From: Kim Barrett (kab_at_[hidden])
Date: 2006-03-09 17:45:21


In reply to my review comments, Ion Gaztanaga wrote 2/17/06:
> > A reference count of create + open - close is maintained for shared
> > memory objects. If this count reaches zero, the shared memory
> > object is unlinked (at least in the posix version). The lack of any
> > documented unlink mechanism might lead one to guess that something
> > like this is going on, and is documented by the last paragraph of
> > this section ("When all processes ... close ..., the shared memory
> > segment is destroyed"). A bit more emphasis might be useful here.
> > On the other hand, I'm actually not convinced this is a good idea.
> > It is certainly fragile, in that a program which crashes (for
> > whatever reason) won't close any shared memory objects it has open,
> > resulting in the reference tracking getting messed up.
>
> You can have problems in POSIX systems, but I couldn't find a better way
> to implement this. If a program crashes there is no way control
> anything. The unique solution would be to provide a function that
> destroys all named objects that I can register with every creation so
> that you can catch signals and call that functions to free all objects.
> In windows the OS frees the resources automatically. For standard C++
> IPC mechanisms I would request OS help for program crashes, just like
> heap memory is freed automatically.
>
> > For example, one couldn't start up a
> > process which parses some data into an in-memory format that it
> > records in shared memory and then exits, with other programs saving
> > parsing time by just getting the information from shared memory.
> > This doesn't work if those other programs don't get around to
> > opening the shared memory before the parser program exits.
>
> I would like to implement the POSIX-like behaviour in windows, but that
> would require some permanent store that or a server/ process/service
> that serves named IPC mechanisms windows. You can use memory mapped
> files for this behaviour. Take in care that POSIX unlink mechanism is
> also complex so that if a process unlinks the shared memory, if another
> process can create a new shared memory with the old name while older
> processes are still attached to the old shared memory. I need help from
> POSIX experts.

First let me make sure I understand what is going on here.
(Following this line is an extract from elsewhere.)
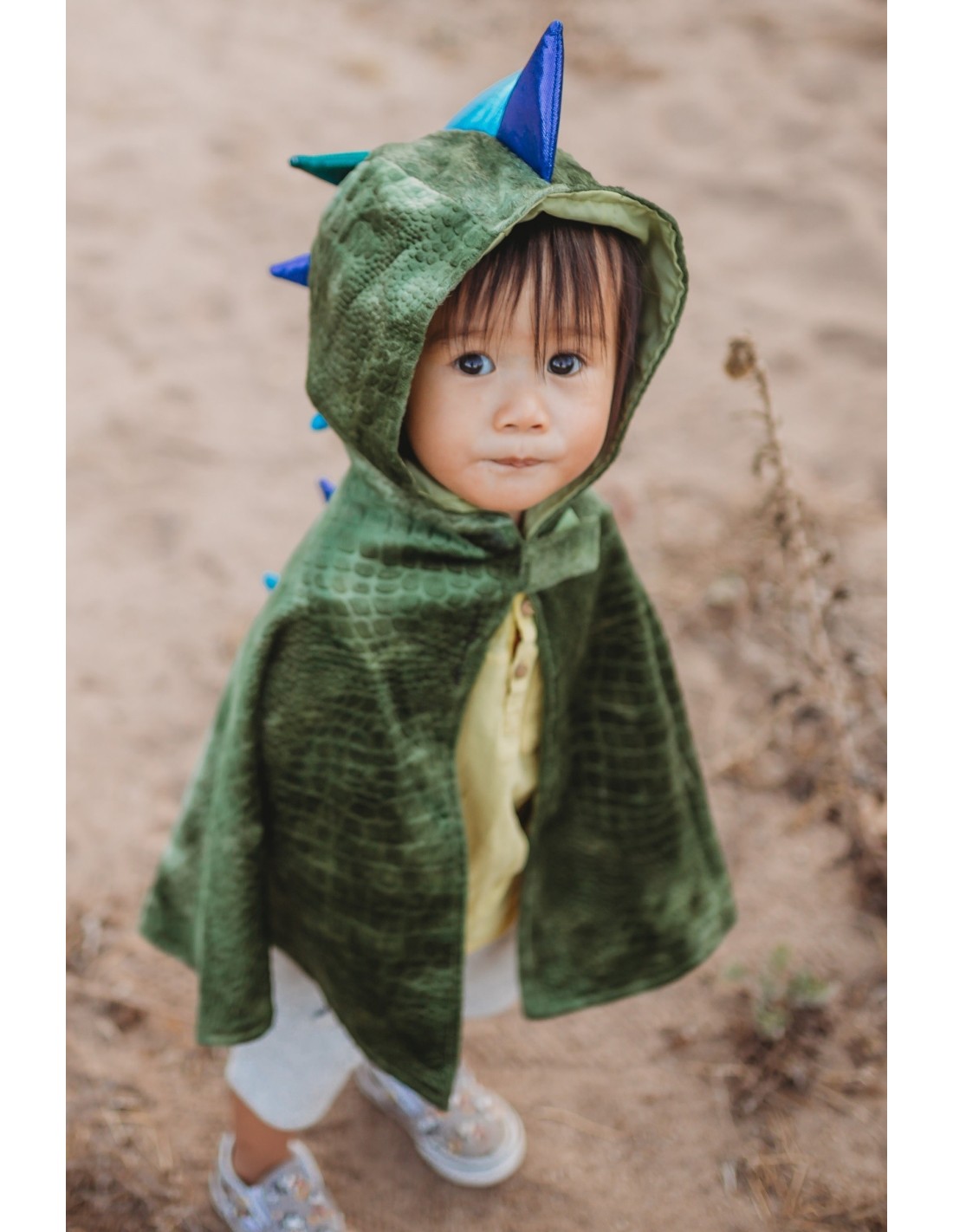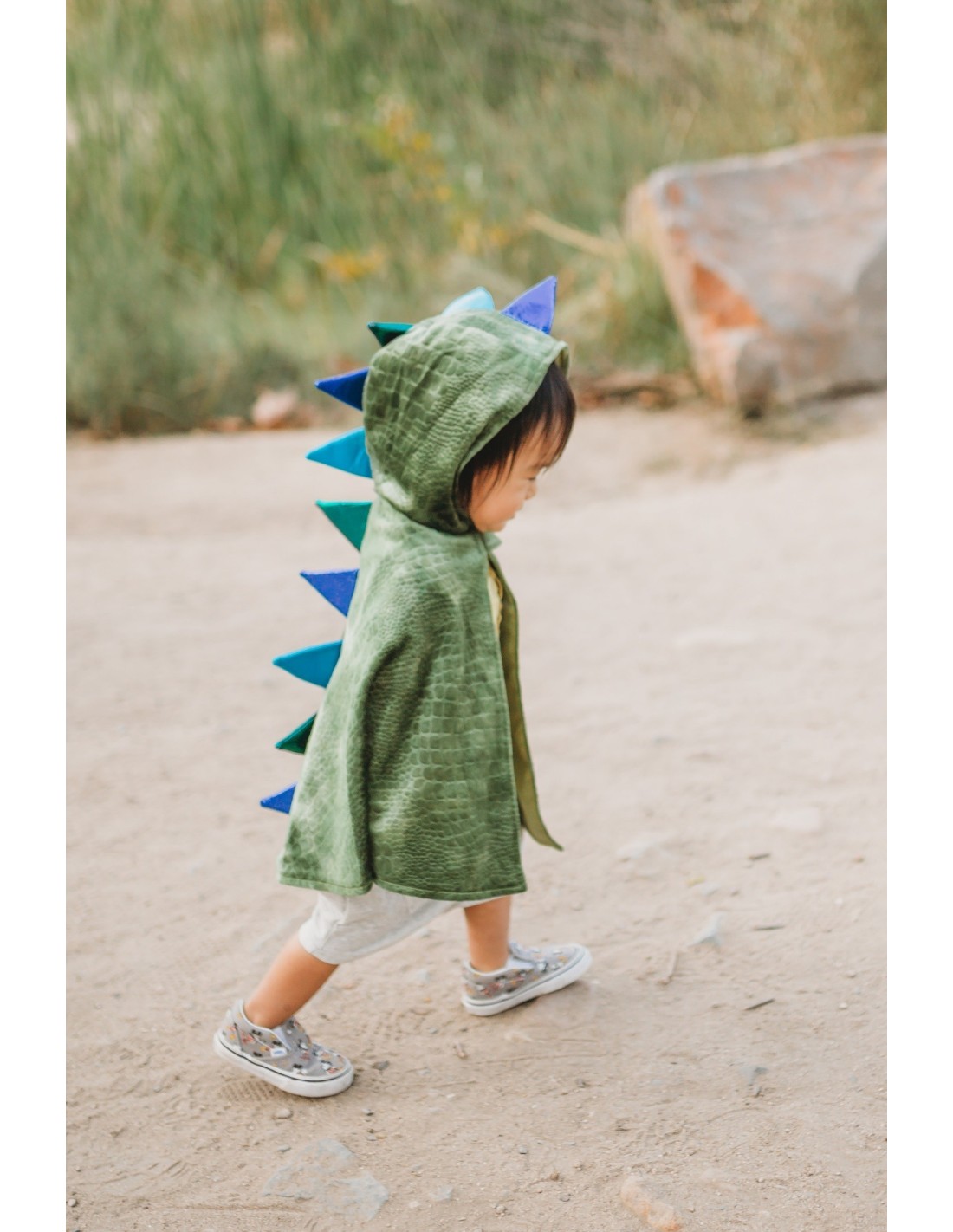 Absolutamente tierna, esta capa de dragón está hecha de suave terciopelo y tiene varios tonos de verde para lograr el look de dragón perfecto. La tela incluso está diseñada con escamas, por lo que el efecto lo convierte en una gran capa de dragón. Los picos están forrados con espuma y diseñados para mantenerse en su posición por sí mismos. El cierre de velcro en el cuello hace que esta capa sea fácil de poner y quitar.

On Windows, the shmem library is presently using create_file_mapping
and open_file_mapping, while on POSIX systems it is using shm_open.

An object created with create_file_mapping exists until there are no
references, assuming I'm understanding what you've said. (I don't
have (easy) access to Windows API documentation, so can't go look up
this information. Please correct me if you see any confusion.)

A POSIX shared memory object exists from the time it is created until
it is unlinked and all references are gone (or the system is
rebooted). (It becomes inaccessible to further shm_open calls if
unlinked, but remains open to processes that had already opened it.)

What the present library implementation is trying to do with this
reference count mechanism is to emulate the Windows behavior on POSIX
systems. Unfortunately, as has been noted, that emulation really isn't
very reliable in the face of ill-behaved (i.e. crashing) clients. And
I'm pretty sure there isn't a solution to that problem, at least not
with the shm_open &etc API.

First question: Why not use the shm_open interface on Windows? One
possible answer would be that the Windows POSIX support doesn't
include the shm_xxx API. And that might even be the answer, since
some web searches have led me to suspect that Windows only supports
the SysV shared memory API. Which leads to

Second question: Why use different implementations on different
platforms? Why not use the (admittedly somewhat clumsy to use
directly) SysV shared memory API, which is pretty widely supported?
It's a little more painful to use, but that's an implementation
detail that won't be exposed to library clients. One issue might be
kernel limits on min/max size and number of objects; some of the
references I have make mention of such but don't provide much detail.
On my stock configured SuSE9.3 machine I see max number of
identifiers 4096 and max size 33554432 (32768 * 1024). SysV shared
memory also doesn't support resizing, which is available when using
the shm_open API (I don't know whether that feature is available with
the create_file_mapping API). I don't know if that actually matters
for this library. Note that one of the capabilities of SysV shared
memory is obtaining the current number of attaches. I don't know if
it reliably gets decremented when an attached process exits without
explicitly detaching though; I would hope so, but haven't verified
it. If so, that could provide a correct reference count
implementation. Note also that the size is also recorded, which I
think would eliminate the need for the header in the current
shared_memory implementation.

Hm. If the SysV API provides a correct reference count
implementation, and is widely supported, including on Windows, then
using that API would permit either lifetime behavior to be
implemented (possibly even configurable).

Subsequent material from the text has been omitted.